Of course, the government says the drug-testing plan is not about stigmatising welfare recipients but, rather, identifying people who need help.
And, it would seem, a healthy number of hard-working Australians also like the sound of the plan as a way of ensuring their tax dollars are not wasted on drugs and used to line the pockets of criminals.
But there are two major flaws with the plan that expose it is a nonsense.
The first is the proposal to place welfare recipients who fail drug tests on an "income management" plan that restricts how they can spend their welfare money, or even cutting their payments if they do not agree to a second drug test.
Condemning a troubled person - and, potentially, their family - to greater depths of poverty will not help them, nor the rest of us.
As agencies including the St Vincent de Paul Society and the Australian Council of Social Service have previously argued, cutting welfare payments will do nothing to break the cycle of disadvantage among the nation's most vulnerable.

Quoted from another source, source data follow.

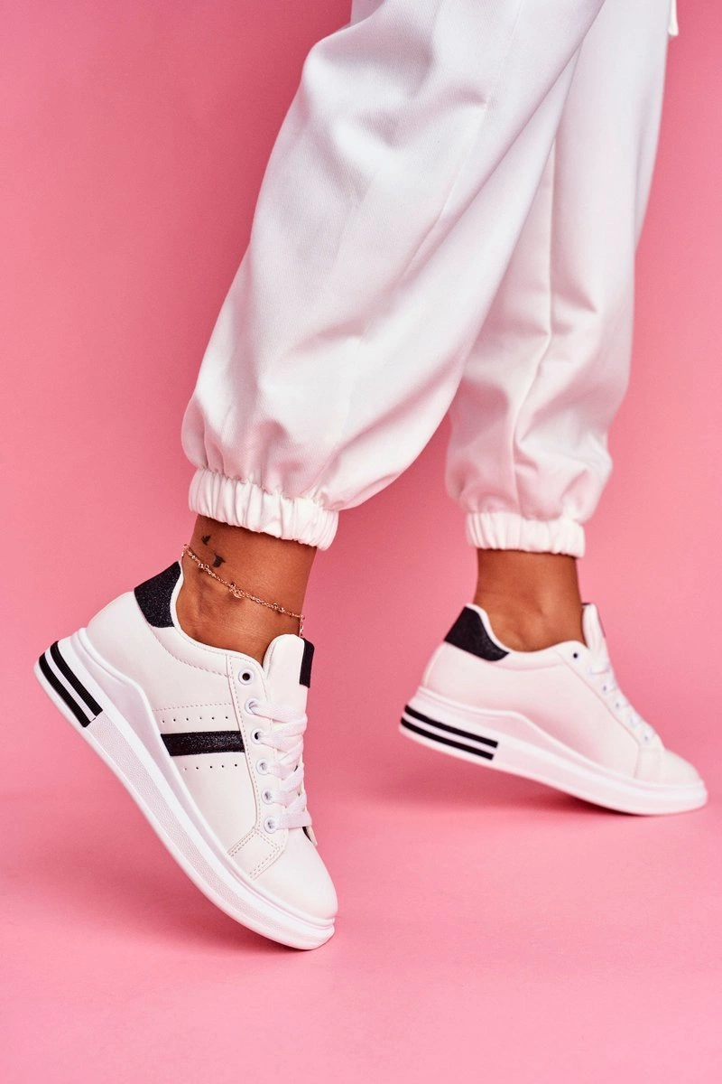 Sportowe Damskie Buty Czarny Brokat Białe Berge
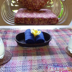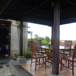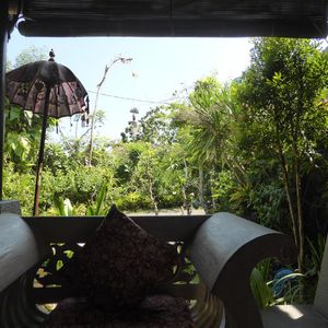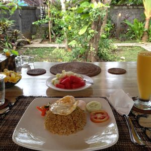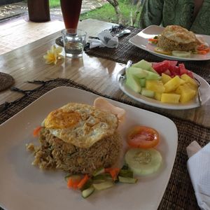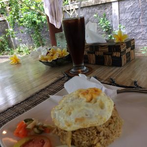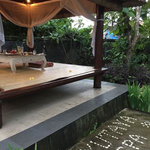 施術後の中庭での食事(確かナシゴレンかミーゴレン選択可)はとてもおいしく、南国の雰囲気満点で素敵でした!ただアリがいるので苦手な方は要注意です笑
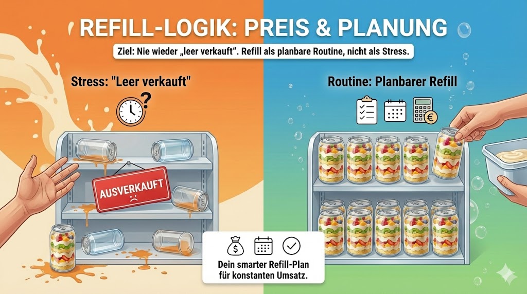 Refill läuft als Set-Bundle: 1 PET-Dose + 1 Deckel = 1 Stück · Deckelwahl ohne Aufpreis · Auswahl im Sortiment.
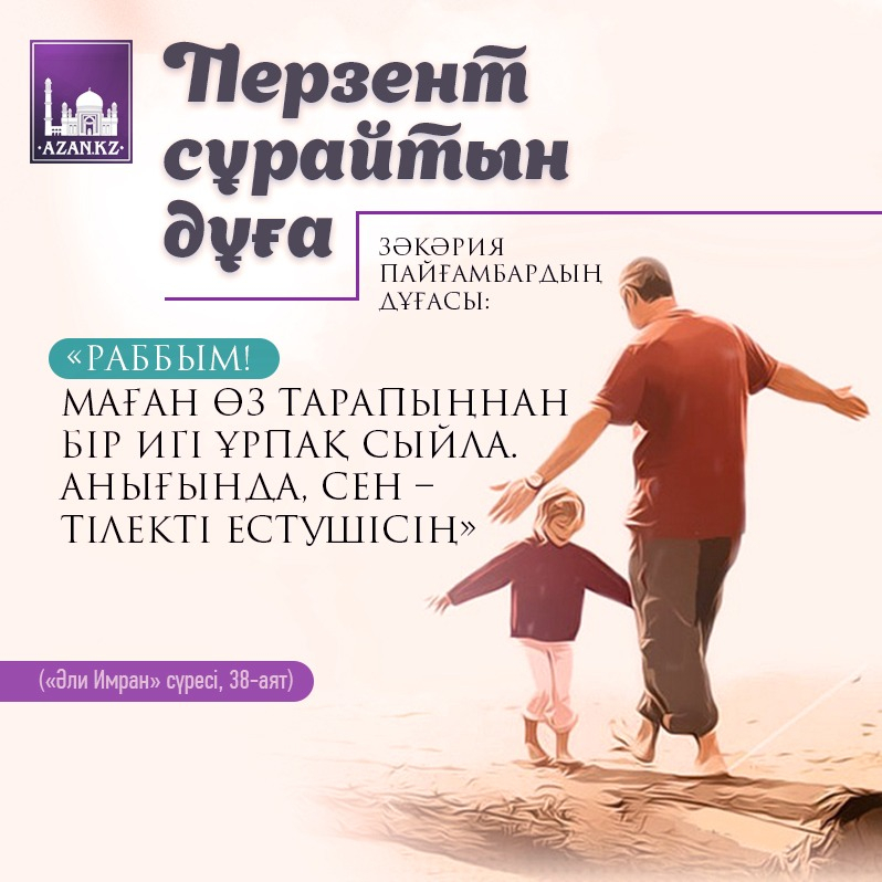 Мағынасы: «Раббым! Маған Өз тарапыңнан бір игі ұрпақ сыйла. Анығында, Сен – тілекті Естушісің» («Әли Имран» сүресі, 38-аят).

The second flaw is what the bill does not propose, as highlighted by Senator Jacqui Lambie. Senator Lambie says she will not support the plan until the random drug testing is expanded to include politicians and other public servants on government salaries.
And why not? If, as Social Services Minister Anne Ruston says, "taxpayers expect the government to ensure their money is being spent responsibly", then surely the government would want to prove its own members are not spending their hard-earned on illicit substances.
And if the "if you've got nothing to hide you've got nothing to worry about" argument is good enough for ordinary citizens who resist further government encroachment on their privacy, then it must also be good enough for drug-testing MPs.
It won't ever happen, but how many of us would like to see that?